- **What to work on**: Leave out the pictures, and retype only the lines from the beginning of the material through the line that contains "Mobigear Armor Ring", including both.

- **Data provided**:
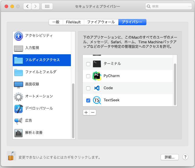 6. TextSeekが機能するには、ディスクアクセスに許可が必要です。 [システム環境設定]-> [セキュリティとプライバシー]-> [プライバシー]-> [フルディスクアクセス]-> [TextSeek]を開き、確認します。 編集できない場合は、左下隅にあるロックアイコンをクリックし、パスワードを入力してロックを解除します。
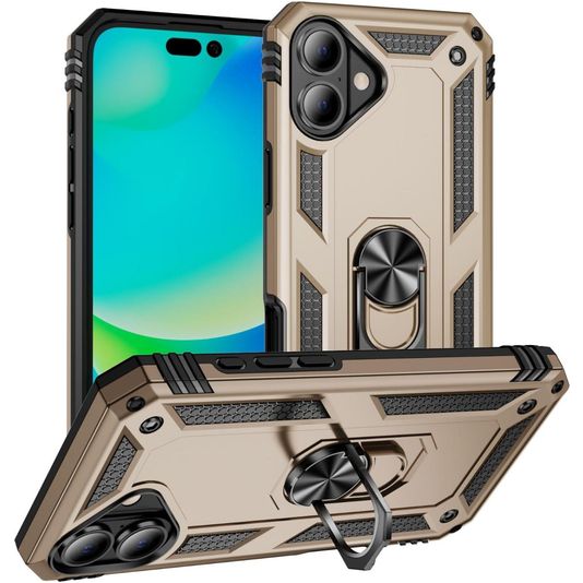 Mobigear Armor Ring Coque iPhone 17 Coque arrière Rigide Anti-Chocs avec Anneau-Support - Or
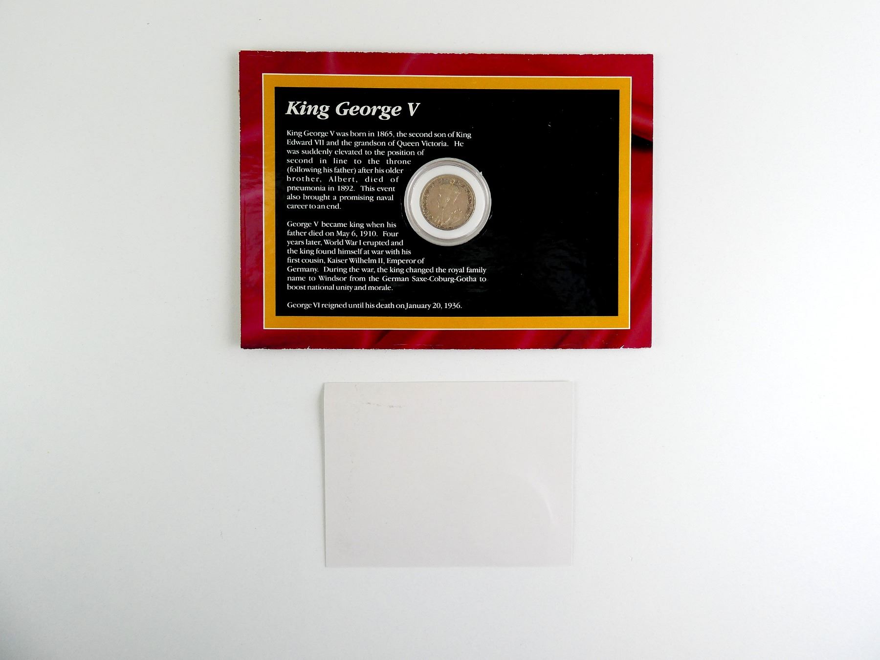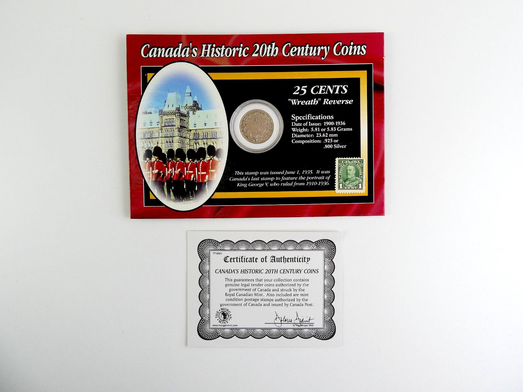 LOT INCLUDES; (1) 25 CENT COIN, DATED 1936 & (1) KING GEORGE V 1 CENT STAMP, ISSUED JUNE 1, 1935, ALL IN PROTECTIVE CASE WITH INFORMATION ABOUT COIN / STAMP / KING GEORGE V & CERTIFICATE OF AUTHENTICITY. SEE PHOTOS.
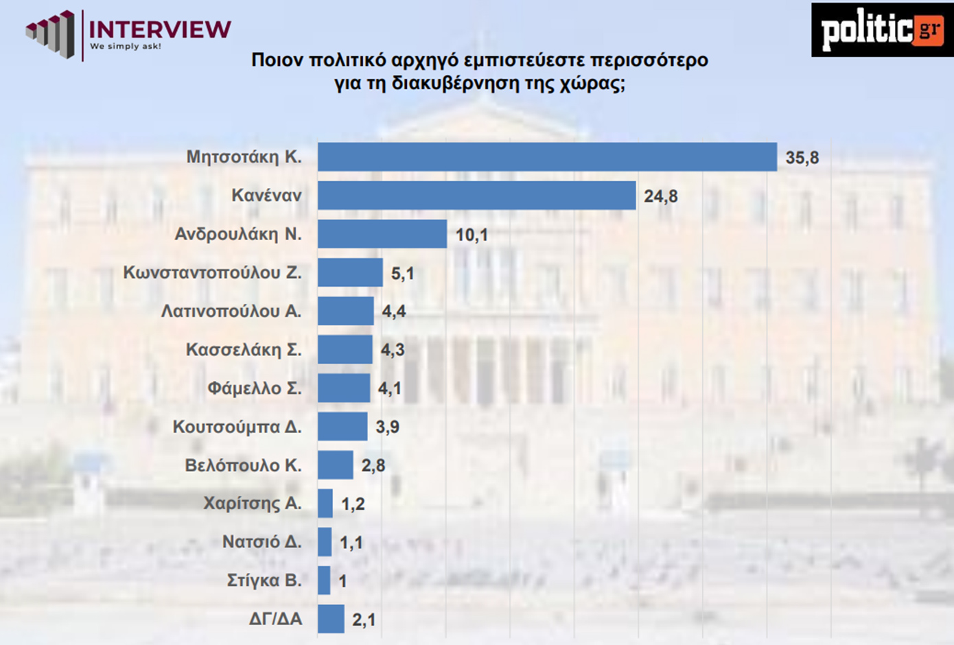Ο Κυριάκος Μητσοτάκης παραμένει το πρόσωπο που εμπιστεύεται περισσότερο η ελληνική κοινωνία για τη διακυβέρνηση της χώρας, συγκεντρώνοντας ποσοστό 35,8%. Στη δεύτερη θέση, βρίσκεται ο «Κανένας» με ποσοστό 24,8%, αναδεικνύοντας τη δυσπιστία σημαντικής μερίδας των πολιτών προς το πολιτικό σύστημα. Ο Νίκος Ανδρουλάκης ακολουθεί στην τρίτη θέση με 10,1%, ενώ η Ζωή Κωνσταντοπούλου καταλαμβάνει την τέταρτη θέση με το ποσοστό εμπιστοσύνης στο πρόσωπό της για τη διακυβέρνηση της χώρας να ανέρχεται στο 5,1%, που αν και αρκετά χαμηλότερο από τον Νίκου Ανδρουλάκη φαίνεται να τον συναγωνίζεται δυναμικά.

- **Answer for the task**:
 6. TextSeekが機能するには、ディスクアクセスに許可が必要です。 [システム環境設定]-> [セキュリティとプライバシー]-> [プライバシー]-> [フルディスクアクセス]-> [TextSeek]を開き、確認します。 編集できない場合は、左下隅にあるロックアイコンをクリックし、パスワードを入力してロックを解除します。
 Mobigear Armor Ring Coque iPhone 17 Coque arrière Rigide Anti-Chocs avec Anneau-Support - Or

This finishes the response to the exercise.